Очерки античного символизма и мифологии | страница 60



В–третьих, бедны и совершенно неразвиты инструменты. Даже в качестве аккомпанирующих они поразительно примитивны. Инструменты были струнные и духовые. Струнные были иной раз довольно сложны, если имели иноземное происхождение (таковы многострунные пектис, магадис, эпигонейон, тригон). Все же туземные поразительно примитивны. Это — или кифара, имевшая 7, 8, II струн (большее количество характерно для эпохи упадка), или лира. Нужно, кроме того, заметить, что на этих инструментах очень мало могла варьироваться интенсивность звука, но, ввиду невозможности перебирать «по ладам», струны издавали здесь всегда один и тот же звук, как на нашей цитре, да и сам звук получался только в моменты удара или щипка, потому что нашего смычка тоже не было. Еще беднее духовые инструменты, сводившиеся к так называемому авлосу, или флейте разных видов. Это — вполне наша пастушеская свирель. Вся эта инструментальная музыка никогда не поднималась выше нашего аккомпанемента ad libitum.[116] Здесь не было ни западного волшебства тембров, ни бесконечного разнообразия наших гармоний. Надо было не слушать, а видеть, осязать и — понимать.

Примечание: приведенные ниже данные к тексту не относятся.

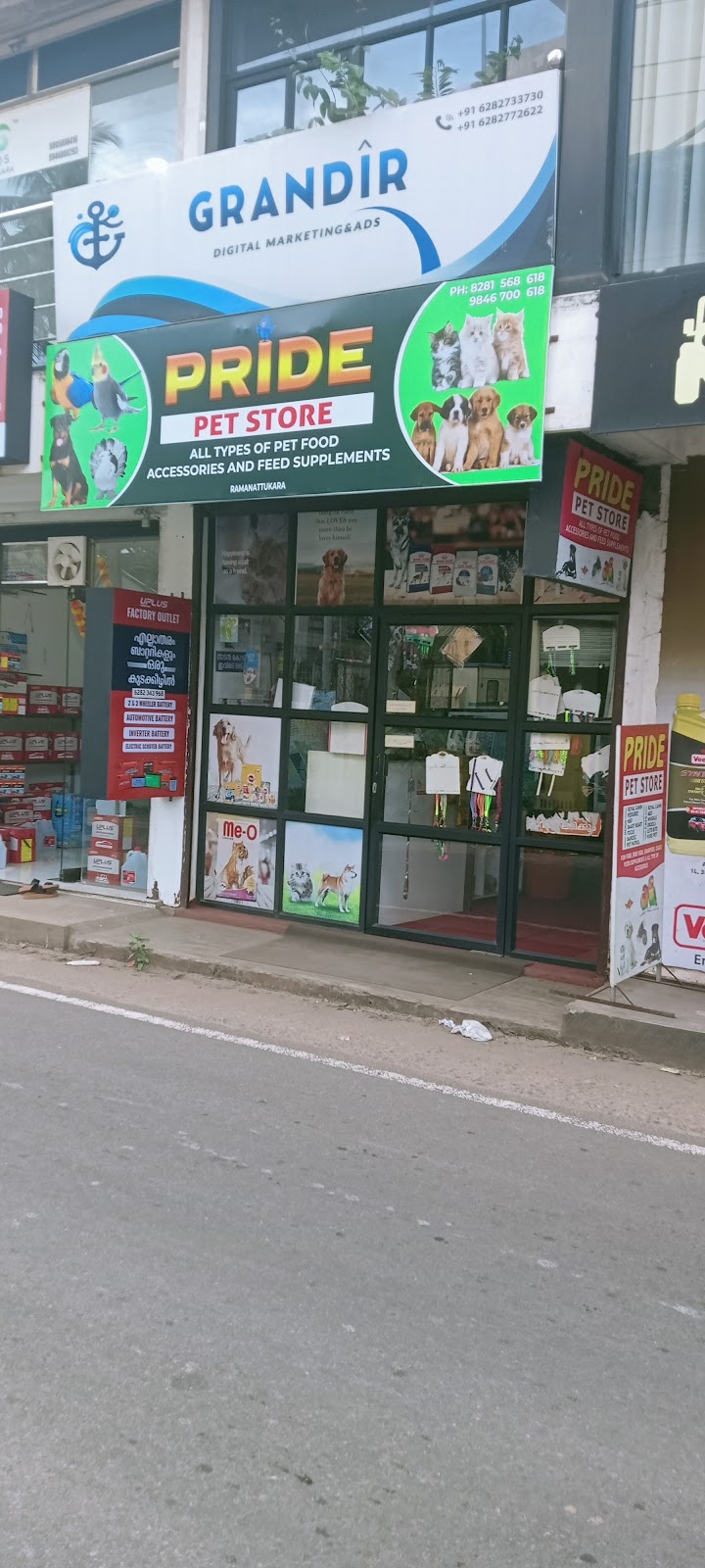 The Pride pet store is at the right side of perumukham ramanattuka road junction at NH 66 ramanattukara. They provides all kind of good quality pet foods and accessories.

В–четвертых, греческая музыка ставит выше всего ритм и весьма спокойно, даже безразлично относится к мелодии. Самое слово «мелодия» часто значит не мелодия в нашем смысле, но пропетая песня. Таков, напр., текст Платона: «мелодия слагается из трех частей, — из слов, гармонии и ритма»[117] , где «гармония» есть наша мелодия, а «мелодия» есть наша пропетая песня. А для Аристотеля мелос по своей природе есть нечто вялое и тихое, и с присоединением ритма — нечто быстрое и подвижное [118]. Довольно распространено было и воззрение на мелодию как на женский и на ритм — как на мужской принцип.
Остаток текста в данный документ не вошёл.